She stands on the bridge, staring down at the water, brown and uninviting on this sunless winter day. Her knuckles stand out, harsh white against the dark wood of the railings. A solitary drink can bobs under the bridge and out of view, the only bright spot in the murky ribbon that snakes its way through the city. She could dash across the road in a kamikaze version of the childhood game of Poohsticks, to see if it makes it to the other side; to see if she does.
It’s an impulse she’s familiar with, having lived with it all these years. She first felt it that night, all those years ago, and it has returned at intervals ever since. What would life have been like if she’d made a different choice then, not just for her, but for everyone around her? It’s been hardest for her family. Things have never been the same for them. They’ve done their best to support her, to be there, but they didn’t really understand. How could they?
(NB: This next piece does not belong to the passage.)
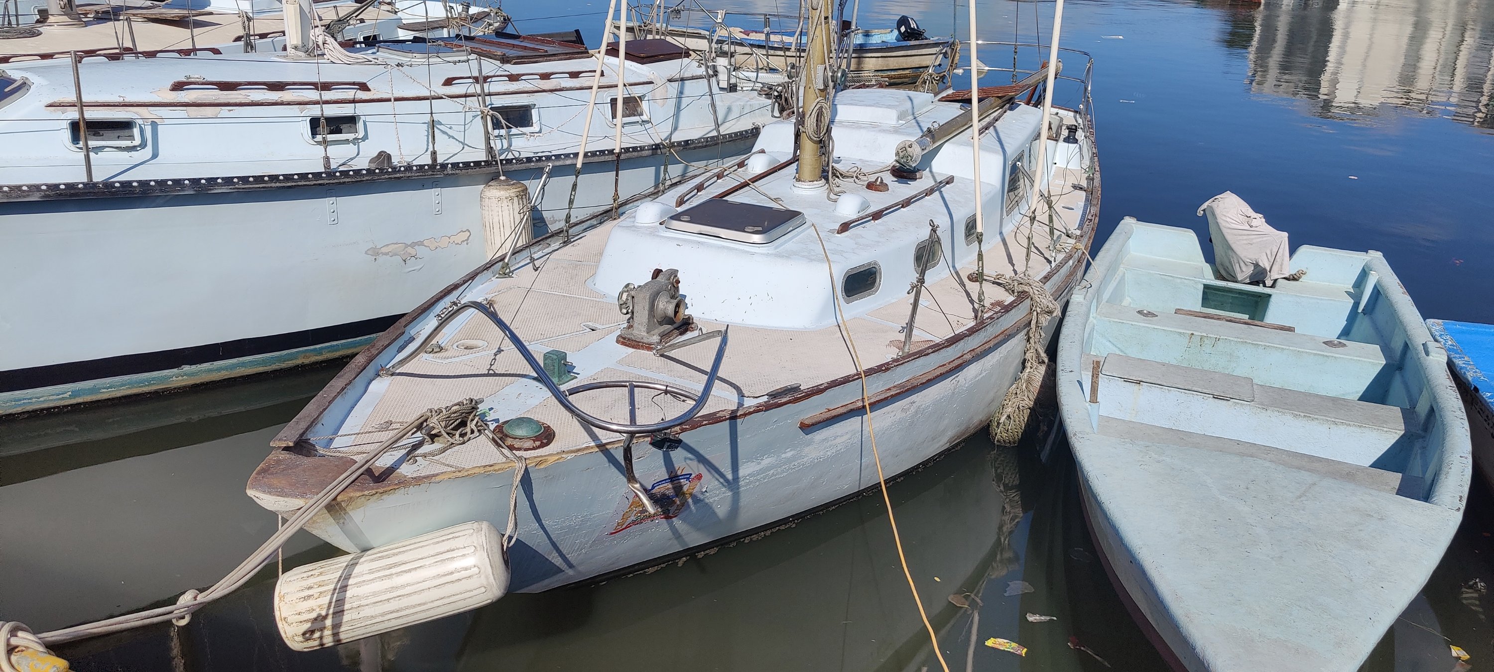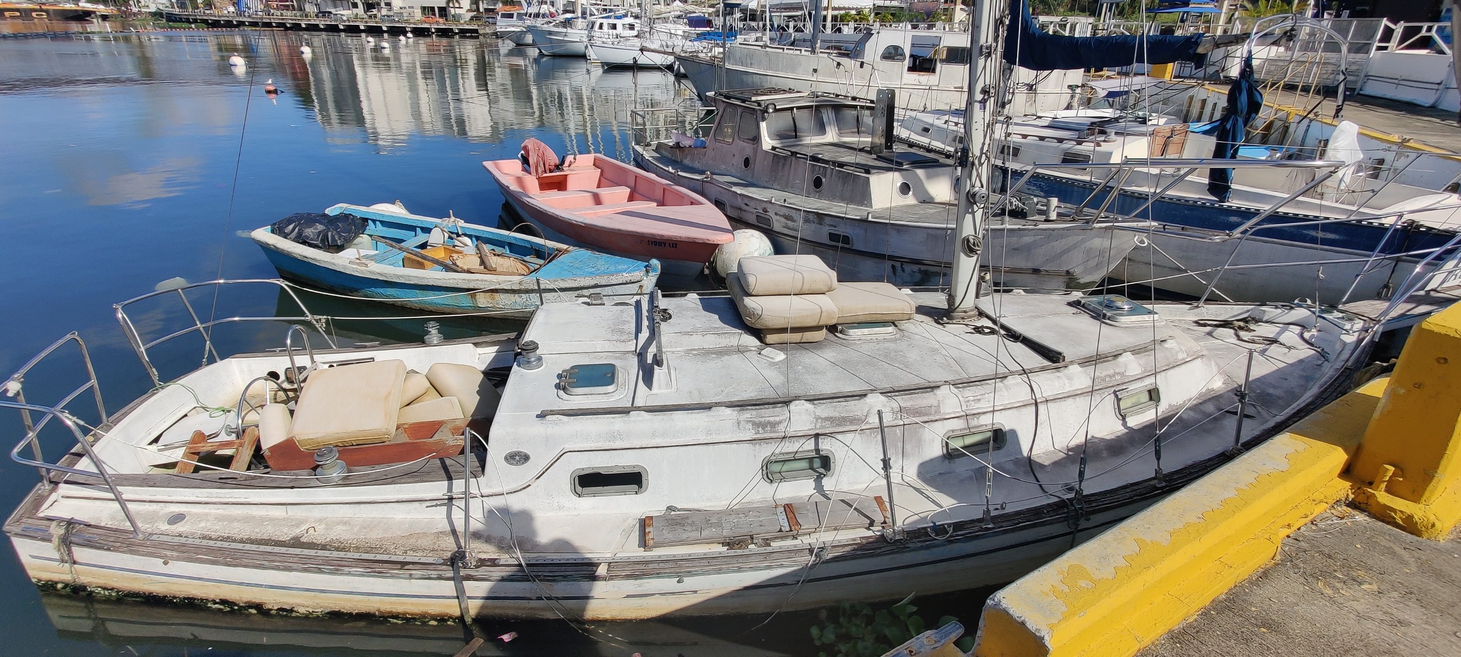 Eine kleine Auswahl an Bildern von Schrottbooten die hier in der Marina rumhängen. Die Geschichten dahinter sind oft traurig. Häufig sind die Eigner ins Alter gekommen oder verstorben und niemand fühlt sich zuständig. Das Problem ist, dass anscheinend herrenlose Boote, ähnlich wie Autos, nicht einfach verschrottet (Plastik) werden können und die unklare Eigentumsfrage jeden, der da was machen will, vor erhebliche rechtliche Risiken stellt.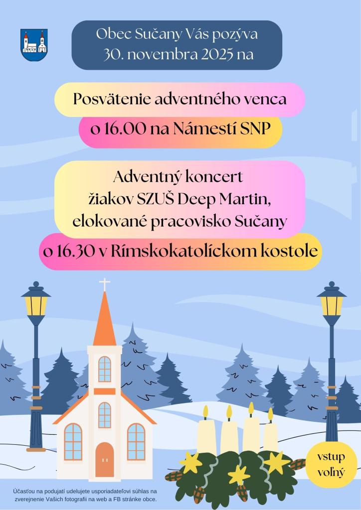 Obec Sučany vás srdečne pozýva na posvätenie adventného venca a zapálenie prvej adventnej sviečky,

She looks down at the water again as it flows beneath her, away from her, her thoughts returning as they always do to that other time and place; that other choice, its implications still reverberating through her life.
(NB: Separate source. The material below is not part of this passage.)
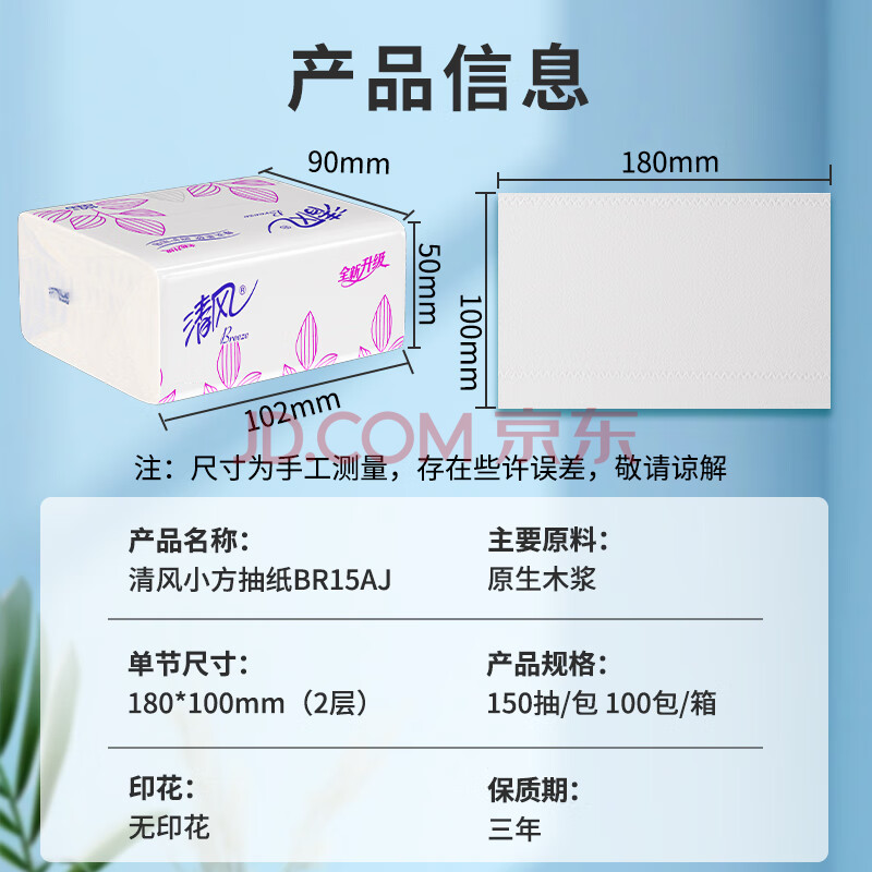 商品相册:清风超韧2层抽纸150抽*100包整箱装 家用实惠装 原生木浆面巾纸BR15AJ第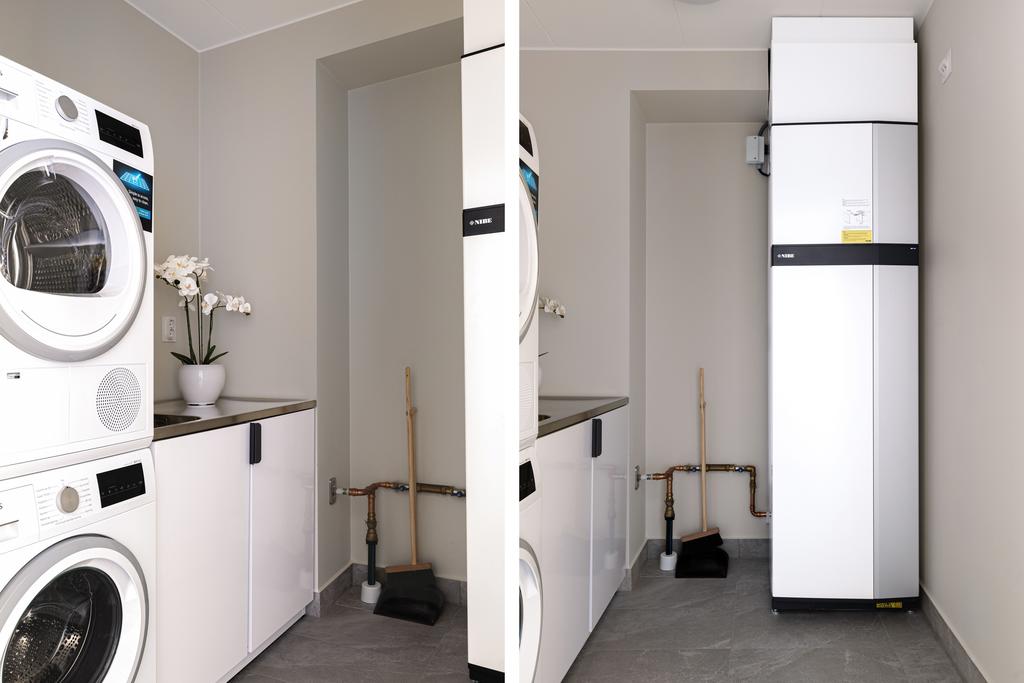 Tvättstugan är utrustad med tvättmaskin, torktumlare, bänkyta och gott om förvaring – allt för att skapa en funktionell och snygg arbetsmiljö.

What she wishes more than anything is that she could make things right; rebalance the scales. The world was knocked out of kilter that night. If only she could find a way to set it back on its proper axis. Maybe then she would be able to get on with the rest of her life. To live it fully, engage with the world, instead of existing in this shadowy half-life, where no one knows who she really is.
She releases her grip on the railings and slowly walks away, leaving the swirling water behind her. Not this time, she thinks. Not this time.